8. Excepting, as has been before observed, the real wages of labour should rise, or a worse system of agriculture be practised.
9. The low price of corn, caused by improvements in agriculture, would give a stimulus to population, by increasing profits and encouraging accumulation, which would again raise the price of corn and lower profits. But a larger population could be maintained at the same price of corn, the same profits, and the same rents. Improvements in agriculture may then be said to increase profits, and to lower for a time rents.
10. The causes, which render the acquisition of an additional quantity of corn more difficult are, in progressive countries, in constant operation, whilst marked improvements in agriculture, or in the implements of husbandry are of less frequent occurrence.
If these opposite causes acted with equal effect, corn would be subject only to accidental variation of price, arising from bad seasons, from greater or less real wages of labour, or from an alteration in the value of the precious metals, proceeding from their abundance or scarcity.
11. Through the price of all commodities is ultimately regulated by, and is always tending to, the cost of their production, including the general profits of stock, they are all subject, and perhaps corn more than most others, to an accidental price, proceeding from temporary causes.
12. It has been thought that the price of corn regulates the prices of all other things. This appears to me to be a mistake.
If the price of corn is affected by the rise or fall of the value of the precious metals themselves, then indeed will the price of commodities be also affected, but they vary, because the value of money varies, not because the value of corn is altered.
Commodities, I think, cannot materially rise or fall, whilst money and commodities continue in the same proportions, or rather whilst the cost of production of both estimated in corn continues the same. In the case of taxation, a part of the price is paid for the liberty of using the commodity, and does not constitute its real price.

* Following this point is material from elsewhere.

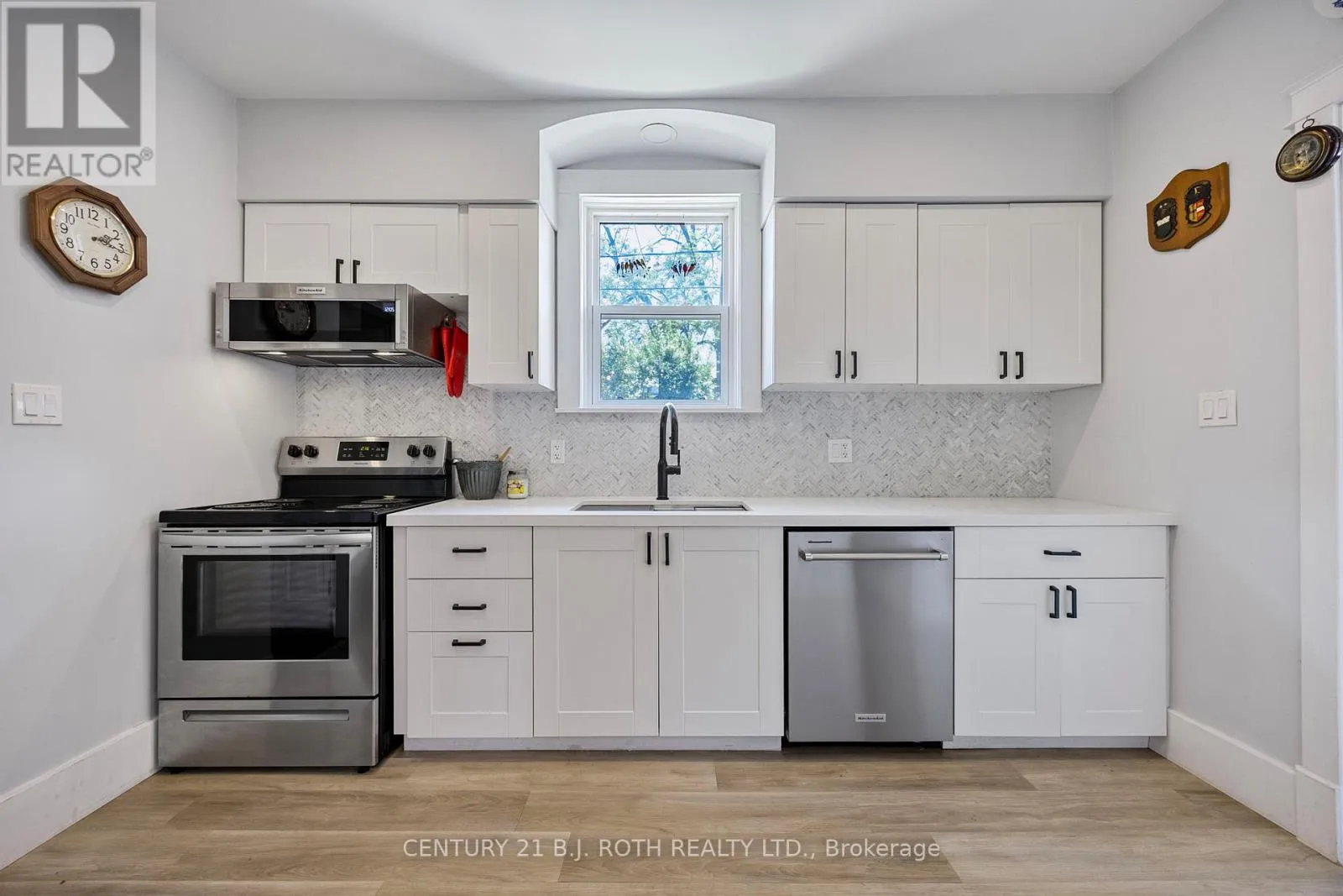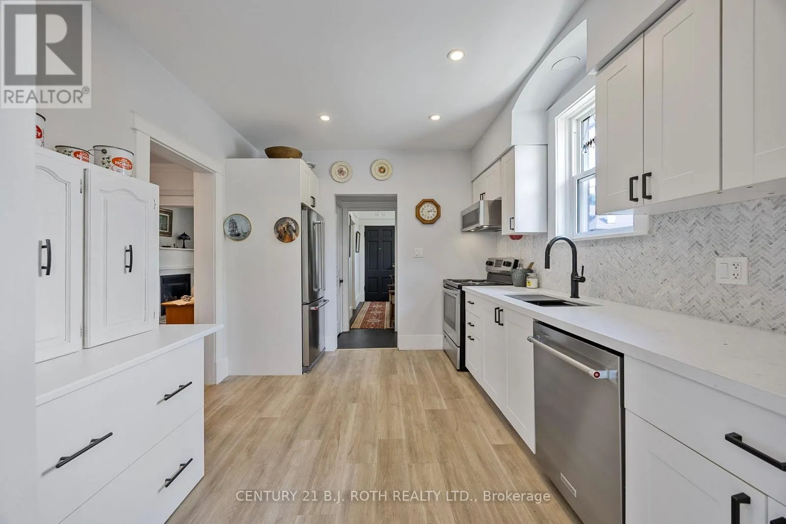 Cross Streets: Church / Nelson. ** Directions: the corner of Church St and Nelson, 2 blocks south of Victoria. Welcome to this stunningly renovated 3-bedroom, 1.5-bath home where timeless character meets contemporary style. Perfectly located just minutes from shopping, dining, and with quick access to Hwy 400, this property is an ideal fit for families and commuters alike. Step through the bright, insulated, and heated mudroom that doubles as a convenient main-floor laundry area-complete with a brand-new washer and dryer. The carpet-free main level showcases a spacious, open layout featuring a stylish kitchen with quartz countertops, a modern backsplash, and plenty of cabinetry. Relax by the cozy gas fireplace in the inviting living room, or gather with loved ones in the generous dining area designed for effortless entertaining.Upstairs, discover two comfortable bedrooms plus a versatile third room-perfect for a nursery, home office, or creative space. The beautifully updated 4-piece bathroom offers a touch of spa-like luxury.The unfinished basement provides abundant storage options, including a cold cellar. Outside, the large detached garage with dual doors is ideal for a mechanic, hobbyist, or anyone in need of extra workspace or storage. (id:27476)

13. Mr Malthus has supplied me with a happy illustration -- he has correctly compared "soil to a great number of machines, all susceptible of continued improvement by the application of capital to them, buy yet of very different original qualities and powers." How, I would ask, can profits rise whilst we are obliged to make use of that machine which has the worst original qualities and powers? We cannot abandon the use of it; for it is the condition on which we obtain the food necessary for our population, and the demand for food is by the supposition not diminished -- but who would consent to use it if he could make greater profits elsewhere?
14. Excepting when the extension of commerce enables us to obtain food at really cheaper prices.

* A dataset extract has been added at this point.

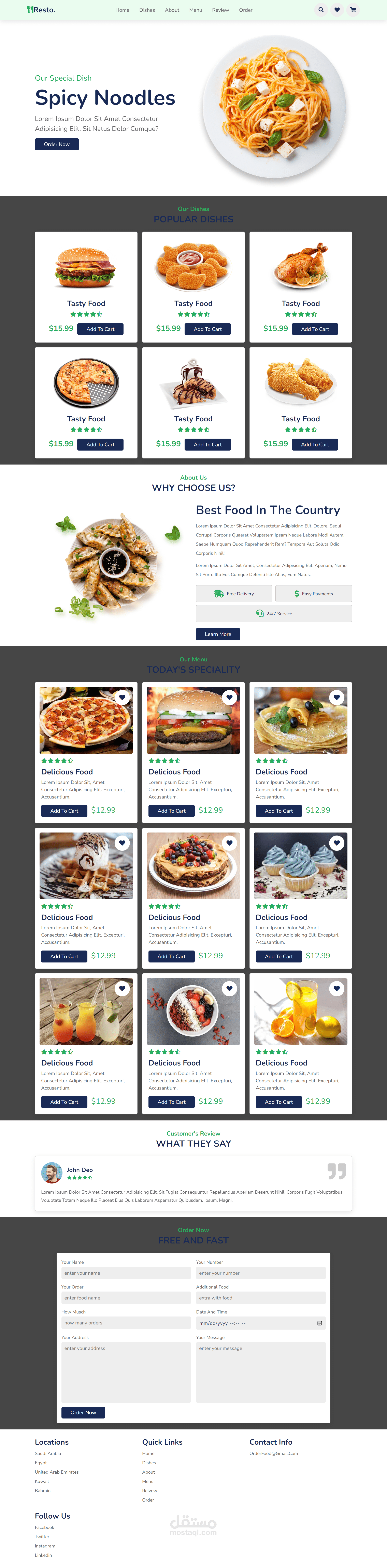 موقع لمطعم يقدم الطعام، ويتميز بتصميم متجاوب. يحتوي الموقع على أقسام مثل "الأطباق"، "معلومات عنا"، "القائمة"، "التقييمات"، و"اطلب الآن". يعرض الموقع تشكيلة متنوعة من الأطباق، بما في ذلك طبق خاص يسمى "النودلز الحارة". يشمل الموقع أيضًا قسم "عن المطعم" الذي يناقش أسباب اختيار هذا المطعم مثل جودة الطعام، خدمة التوصيل المجانية، سهولة الدفع، وخدمة على مدار الساعة. كما يحتوي على قائمة بأطباق اليوم، تقييمات العملاء، معلومات الطلب، وتفاصيل الاتصال بما في ذلك روابط وسائل التواصل الاجتماعي.

15. If by foreign commerce,or the discovery of machinery, the commodities consumed by the labourer should become much cheaper, wages would fall; and this, as we have before observed, would raise the profits of the farmer, and therefore, all other profits.
16. This principle is most ably stated by Mr Malthus in page 42 of "An Inquiry," &c.
17. It is this latter opinion which is chiefly insisted upon by Mr Malthus in his late publication, "The grounds of An Opinion,"&c.
18. As London is to be a depot for foreign corn, this store might be very great.
19. If it be true, as Mr Malthus observes, that in Ireland there are no manufactures in which capital could be profitably employed, capital would not be withdrawn from the land, and then there would be no loss of agricultural capital. Ireland would, in such case, have the same surplus corn produce, although it would be of less exchangeable value. Her revenue might be diminished;but if she would not, or could not manufacture goods, and would not cultivate the ground, she would have no revenue at all.
20. I by no means agree with Adam Smith, or with Mr Malthus, respecting the effects of taxation on the necessaries of life.
The former can find no term too severe by which to characterize them. Mr Malthus is more lenient. They both think that such taxes, incalculably more than any other, tend to diminish capital and production. I do not say that they are the best of taxes, but they do not, I think, subject us to any of the disadvantages of which Adam Smith speaks in foreign trade: nor do they produce effects very different from other taxes. Adam Smith thought that such taxes fell exclusively on the landholder; Mr Malthus thinks they are divided between the landholder and consumer. It appears to me that they are paid wholly by the consumer.
21. Page 22, Grounds, &c.
22. Grounds, &c. p. 32.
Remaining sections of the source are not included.